6. Track What You Want To Change
While travel is often seen as a way to indulge, I’ve often found it easier and more natural to let go of unwanted habits when I’m away from home. I’ve quit smoking and stopped eating Doritos (the mainstay of my daily diet before I taught myself to cook!), both when on the road. One strategy that helps is to keep track of what you want to change, whether it’s exercising more, eating differently, handling conflict more productively, or spending less. As the management consultant Peter Drucker said, “You can’t improve what you don’t measure.”
7. Describe Your Moods
Emotions for most of us are more intense when away from home because we can’t depend on our usual anchors. This can be great — and not so great. Describe your highs and lows. Journals are a safe place to rant — better there than with your travel companions.

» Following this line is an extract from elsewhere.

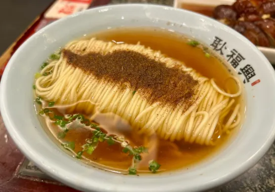 一定要尝尝这里的虾子面。不是能看到大虾的那种,而是把虾籽融进了汤里。

8. Use Your Journal To Boost Your Creativity
On trips away from home, I’m often inspired to try different writing forms, like rhymed verse, haiku, and limericks. Many people sketch. If you don’t want to draw, you can still collect ticket stubs, museum passes, bus tickets, currency, and other local memorabilia and then create collages in your journal. All you need is a small pair of scissors and a glue stick. I’m not great at watercolor, but I often paint a streak down the side of a journal page for a burst of color.
9. Brainstorm On The Written Page
Being in a different environment often brings a fresh perspective on our lives back home. On a trip to Britain in 1976, I described in my journal the many charms I observed in the British way of life. Towards the end of our visit, while writing in my journal one day, I had an epiphany: I’d try to write an article for American readers who were unfamiliar with the public footpath system or (then low-cost) bed and breakfasts. On the flight home, I highlighted relevant passages from my journal. And indeed, a few months later, I sold the article to an airline magazine — and thus was a writing career born.
I’m not alone! Elizabeth Gilbert became the author of the best-selling 2007 memoir Eat, Pray, Love after her year traveling abroad following a traumatic divorce. Jeff Bezos, founder of Amazon, wrote a business plan on spare napkins while traveling across the U.S. And Howard Schultz, former chairman and CEO of Starbucks, hatched the idea of creating a coffee company while visiting Italy.
Travel diaries are just not about travel, they’re about life. As the classic American travel writer Paul Theroux said, “Travel is a state of mind. It has nothing to do with existence or the exotic. It is almost always an inner experience.”
No better way exists to discover and express that “inner experience” than through a travel diary. If you’re planning a trip, grab the moment and get started! Go find yourself the perfect notebook and pen for your taste, and start your journey.